Проспект Солидарности. Семнадцатая больница. Она же Александровская, она же бывшая Двадцать Пятого Октября, она же Кузница здоровья. Принимает нескончаемый поток занедуживших чуть ли не со всего правого берега. Все что ни есть пьяного, битого, обезножевшего, неподвижного, усеянного насекомыми, плевками и прилипшими окурками — все везется сюда и сваливается на многострадальный, испачканный грязью, кровью и прочими физиологическими жидкостями кафельный пол пьяной травмы.
Упившиеся подростки. Измазанные сукровицей работяги. Обложенные множеством пакетов бомжи. Хрипатые девушки в уродливых сапогах с ромбовидными, расплющенными, как суринамская жаба, носами. Лежащие ничком, сочащиеся мочой тела по углам. Испуганные лица случайных интеллигентов. И запах: стойкое, неповторимое, ни с чем не сравнимое амбре — помесь бомжатника с привокзальным сортиром…
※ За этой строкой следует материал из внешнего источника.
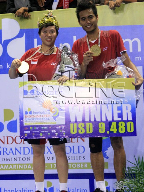 The shortest match was the mixed doubles, where Indonesia’s Tontowi Ahmad/Liliyana Natsir (photo) became the champions after beating their compatriots Markis Kido and Lita Nurlita 21-11, 21-13, in just 19 minutes. It was Ahmad/Natsir’s second title in three tournaments (and three finals) as a pair and gives them a boost going into the Asian Games as Indonesia’s premier pair.
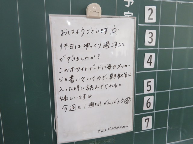 4月13日(月) 毎日のメッセージが楽しみですね【1年黒板メッセージ】 公開日 2026/04/13 更新日 2026/04/13 人権教育といじめ対策 担任の先生からのメッセージです(^^)/ 1年 全学年
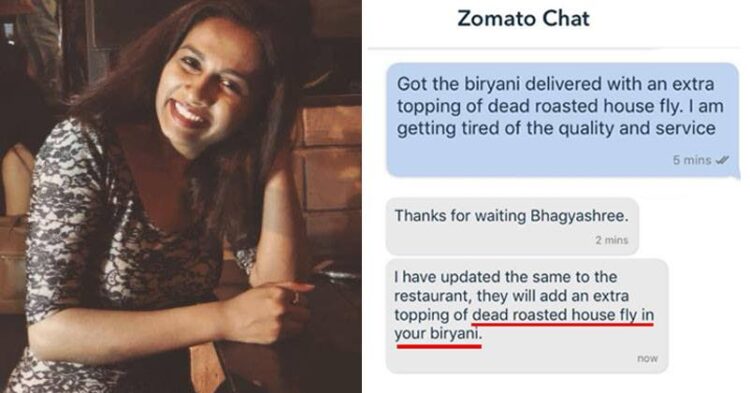 However, the latest conversation between a Delhi woman and Zomato executive is creating news for a different reason. Bhagyashree, a Delhi resident who had placed an order for Biryani saw a fly in her meal and being disappointed, she decided to share the matter with the executive at Zomato and wrote to the customer care complaining about ‘extra topping.’
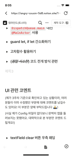 웹 뷰의 변경이 감지되었을 때, progressView의 progress 속성(NSNumber 타입의 변환과 Float 형변환이 이루어진다.)을 업데이트시키고, 그에 따라 progressView의 상태도 동시에 바뀌는 식으로 코드를 구현했다.
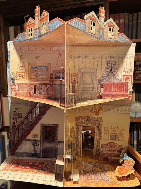 A little over twenty years later, King Edward VII (1901) became King of England. I have the book “A Three-Dimensional Edwardian Doll House” by Brian and Lizzie Sanders, 1995. This pop-up book spins open and ties in the back. It actually becomes a two-story, eight room doll house.
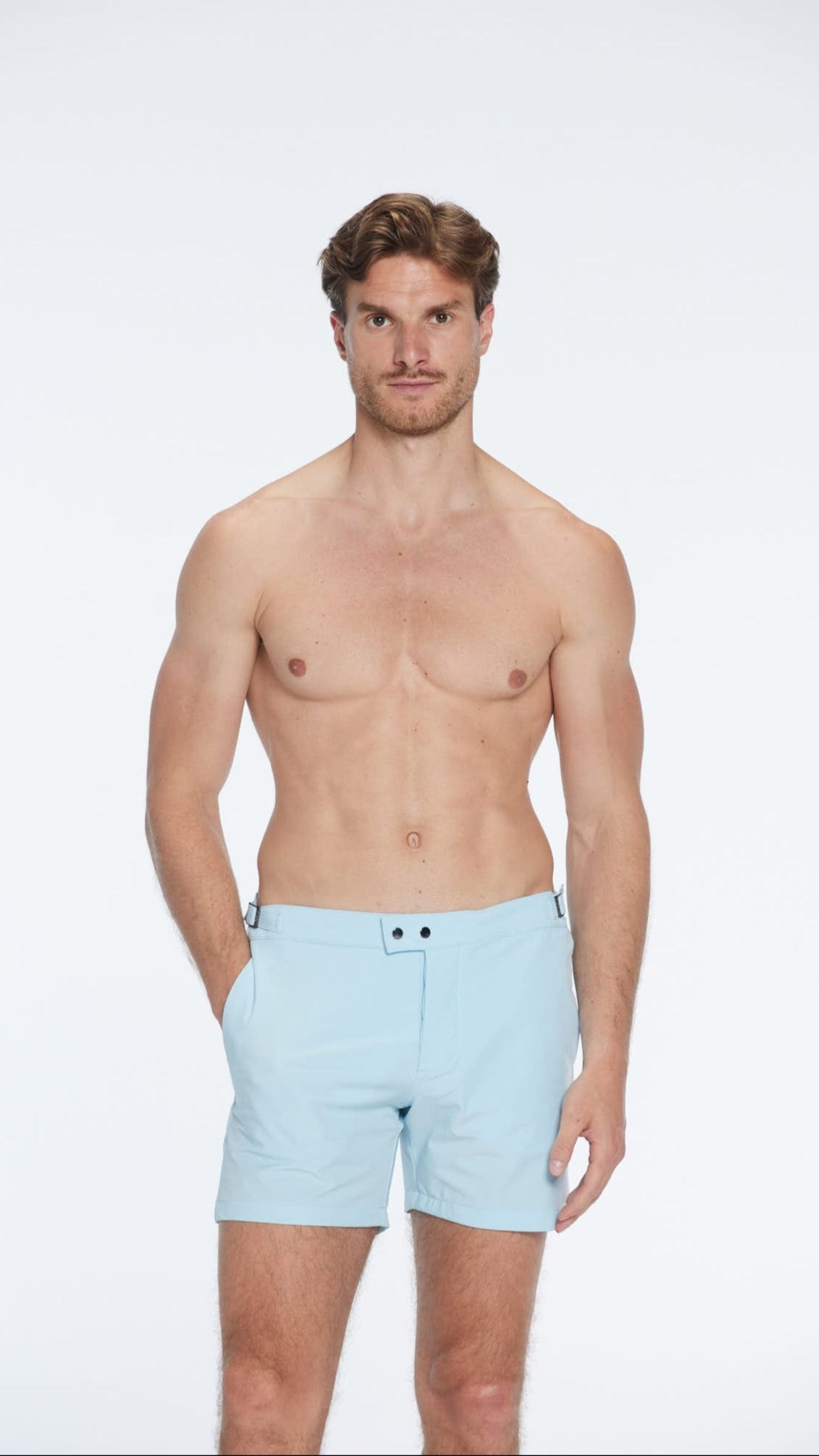 Jack baby blue mid-thigh length men swim shorts with side fasteners are inspired by the traditional tailored pants. Everything about Jack is effortless yet elegant with its extraordinary classic shape and design. Take the classic and traditional route and focus on your comfort with Jack. It is a timeless peace which will never go out of style. It has nothing to do with your usual swimwear as Jack is unlike any other men swimwear. It is a short tailored with luxurious craftsmanship encapsulating a sense of subtle refinement. Jack is a statement making tailored short, which you can swim in. A respectable man like you can never be overdressed. The Jack baby blue mid-thigh length men swim shorts with side fasteners will be your vacation essential. The adjustable side-fasteners will give you the perfect fit. Feel confident and comfortable with Jack.
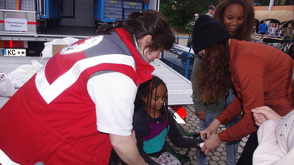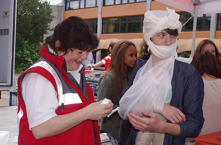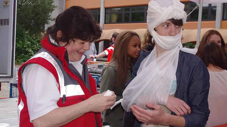 Zum Glück kann der Schüler noch lachen: Er hat keine echte Wunde, sondern fungiert - sehr zur Freude seiner Mitschüler - an diesem sonnigen Nachmittag als "Anschauungsobjekt" für Erste Hilfe-Maßnahmen, wie sie gerade einige Mitarbeiter des BRK-Kreisverbandes auf dem Außengelände des Kronacher Schulzentrums demonstrieren.
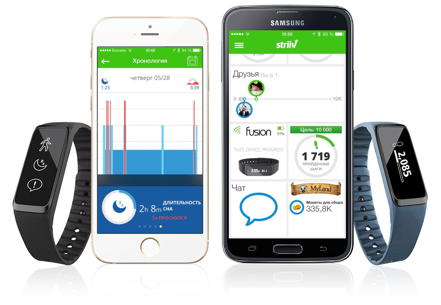 Полный функционал часов Striiv доступен при синхронизации их смартфоном на iOS (не ниже 7.1) или Android (не ниже 4.3), приложение Striive доступно бесплатно на App Store и Google Play. Вы также можете синхронизировать часы с одним из популярный фитнес-приложений, например MyFitnessPal или RunKepper, а еще вы может публиковать свои достижения напрямую на Facebook.
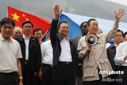 圖:溫家寶與聯(lián)合國秘書長潘基文在映秀會面
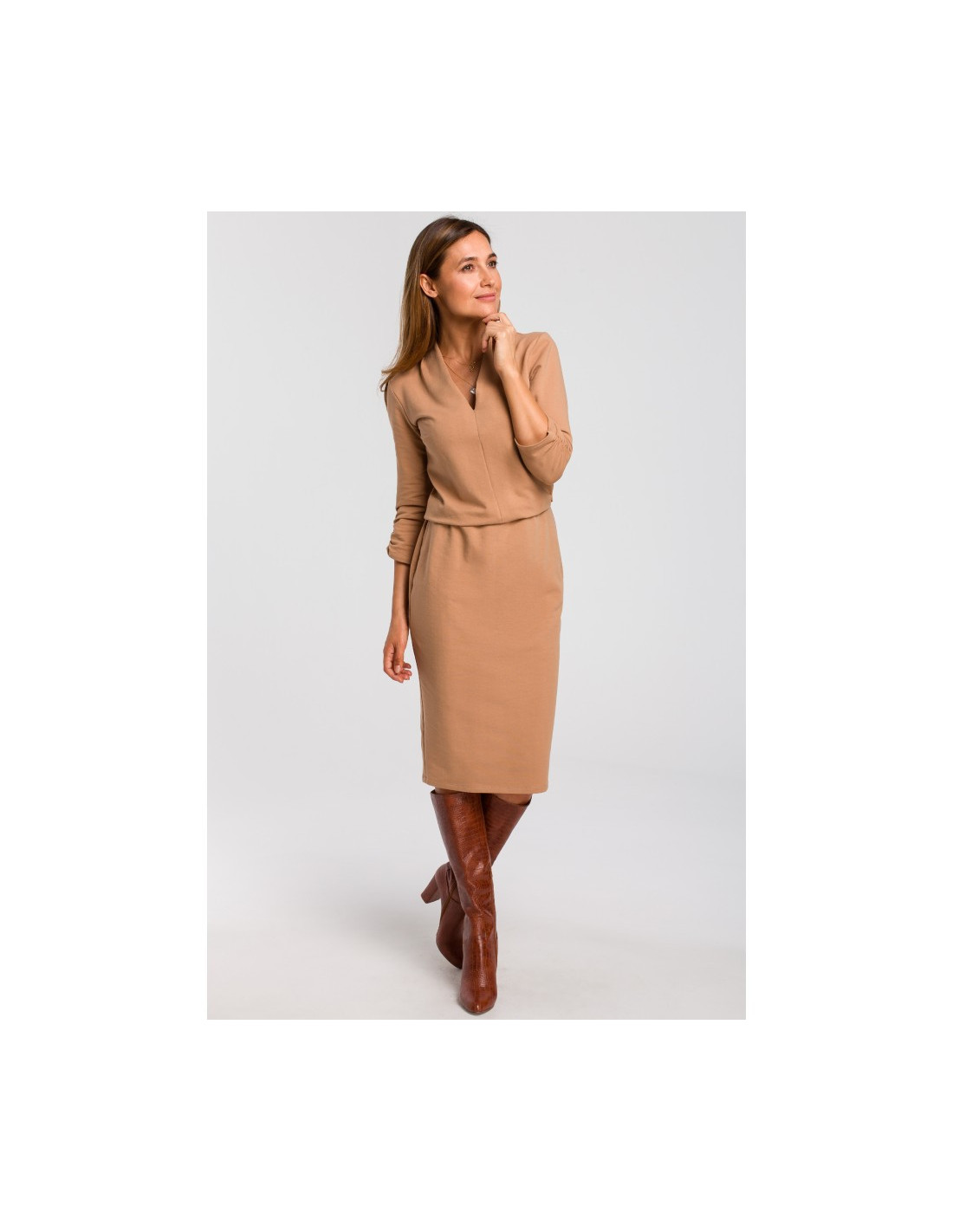 Ši unikali klasikinio kirpimo suknelė su iškirpte ir elastiniu liemeniu pasiūta iš medvilninio trikotažo, todėl ja jausitės laisvai ir patogiai net po ilgos darbo dienos.

Влекомый за шиворот, Слава Добрынин, дергая ножками, въехал в эту юдоль скорби. Сегодня здесь было людно.
— Да у вас тут аншлаг, как я погляжу.
— Задолбали, падлы! С утра перчаток не снимаю.
Зуля — сестричка, берущая кровь на этанол, — вгляделась во вновь прибывшего:
— Блин, опять он! Добрынин, ех, тебе что тут — дом отдыха?
— Что, завсегдатай?
— Да чуть ли не прописался уже, гоблин. С утра ж только выперли …лядь, опять здесь! Что ему ставите?
— По полной: ЗЧМТ, СГМ[13], ушибленная теменной, общее переохлаждение, запах…
Подход правильный. Диагноз должен быть обширным, как диссертация. Иначе нельзя — всех, кто помер по недосмотру в приемном, повесят на нас. Патанатом правит бал — документация старательно переписывается, и нам, сирым, спасение только одно: гипердиагноз. Потому нас в приемниках и не любят. Площадно ругаясь, открывают и закрывают истории, тонкие, как дела НКВД, а упившиеся тела стаскивают в тигрятник. Забросят внутрь, — спи, чмо болотное! — лязгнут решеткой, и до утра. В сортир, естественно, не выпускают, потому и прет оттуда, словно от свиновоза, и такое порой рыло высунется — не захочешь, шарахнешься.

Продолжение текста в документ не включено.